While some will say there are exceptions, eros is normally used when referring to the passionate or sexual love between two people.  This is where the word erotic comes from.  Interestingly enough, this is the only word for love that doesn’t show up in scripture.  We can’t prove why, however, I would think we don’t see it because the Bible isn’t about this kind of love.  Yes, God intended us to be fruitful and multiply; however, the biblical story is between God and humanity.

3. Storge

Where eros is the love between a man and women and phileo is the love between friends, storge is the natural bond of love between family members.  This is the love between parents and their children, between siblings, and among social and racial groups (patriotism).  While this word doesn’t directly show up in the Bible, there is a compound version found in Romans 12:10.  It is a combination of philia and storge, giving a translation of “love one another with brotherly [and sisterly] affection,” or with a “strong natural affection.”

4. Agape

While eros, philia, and storge all have relational components, agape is much different.  It’s still a relational love; however, it’s affectionate and not attractive.  Agape is more concerned with unconditional giving than merited receiving.  Of course, this is the kind of love we experience with God, and it’s the kind of love God expects us to show each other – especially in terms of forgiveness.  We try, however, to love God with agape love with our obedience, our love for him in our worship, by accepting Christ, and by mirroring that love among one another.  A perfect example of this kind of love can be read in John 3:16, where John explains how the Father sent the Son to die for us to give us eternal life to all who except it.

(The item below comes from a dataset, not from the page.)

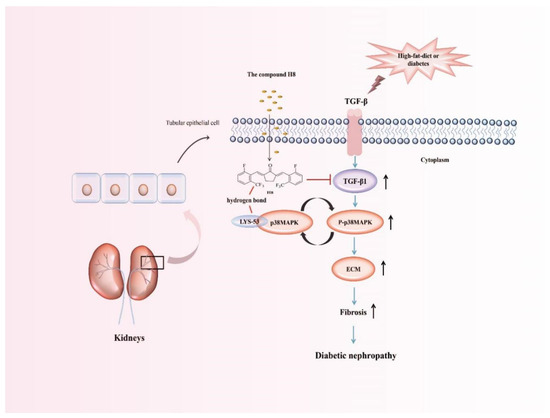 The TGF-β cytokine family is ubiquitous in most eukaryotes and has multifarious functions that are essential for survival. It exists in all tissues, but is particularly abundant in the kidneys, bones, lungs, and placenta, exerting a key role in growth and development, the inflammatory reaction, wound healing, tissue repair, and host immunity [5]. In general, releasing and activating TGF-β1 stimulates the production of various ECM proteins, accompanied by the inhibition of their degradation. Moreover, excessive TGF-β1 leads to tissue fibrosis and impairs normal organ function in many diseases [4,49]. For the occurrence and development of renal fibrosis, TGF-β1 plays a mediating role, which manifests in three aspects: (i) TGF-β1 directly induces ECM production (such as FN and ɑ-SMA) through Smad3-dependent or non-dependent mechanisms, including MAPKs [50,51]; (ii) TGF-β1 regulates matrix metalloproteinases (MMPs) to increase or decrease ECM [52]; and (iii) TGF-β1 regulates the transition of pericytes cells into myofibroblasts [53]. Some evidence shows that the upregulation of TGF-β1 in the glomerulus or tubulointerstitium or TGF-β1 exogenous additions causes renal fibrosis. However, renal fibrosis is improved by antagonizing TGF-β1 [54,55,56]. Moreover, renal epithelial cells differentiate into mesenchymal phenotypes due to TGF-β1. The main characteristics are cadherin changes, namely E-Ca (epithelium) to N-cadherin (mesenchymal) or a massive loss of E-Ca. However, the expressions of α-SMA, FN, Col I, and Col IV are increased [57]. In the present study, we also found that Col IV, α-SMA, and FN proteins and genes were significantly increased, accompanied by the activation of the p38MAPK signaling pathway, in the TGF-β1-induced HK-2 cells compared to the normal group. Compared to the TGF-β1 group, the H8 and SB202190 treatment groups showed significantly reduced expression levels of Col IV, α-SMA, and FN, as well as the P-p38MAPK/p38MAPK ratio, suggesting that H8 inhibited TGF-β1 and the downstream-related p38MAPK signaling pathways to alleviate diabetic renal fibrosis. In addition, compared to the Con group, the cell morphology of HK-2 exhibited significant changes in the HG and TGF-β1 groups, and the TGF-β1 group showed more obvious morphological changes. However, after the H8 treatment, the aforementioned morphological changes in the HK-2 cells were markedly improved (shown in supplementary Figure S2). Two sets of animal experiments, involving db/db mice and DN rats, and molecular docking data further confirmed that H8 inhibited the expression of TGF-β1, along with the downstream signal activation of the p38MAPK, thereby reducing the over-deposition of ECM, slowing EMT and relieving DN (Figure 9).

Our language is so simple compared to other languages.  As a result, we need to be careful how we interpret words like LOVE so we embrace the correct meaning.  When reading Scripture, it’s important to note that agape LOVE is the end goal, while philia and storge fit into our personal relationships with one another and  eros is very important among healthy marriages, the Bible is most concerned about how God loves us with agape love.  Epithumia refers to our desire to pursue healthy or harmful passions – the former pushes us towards understanding agape better, while the latter blurs our vision altogether.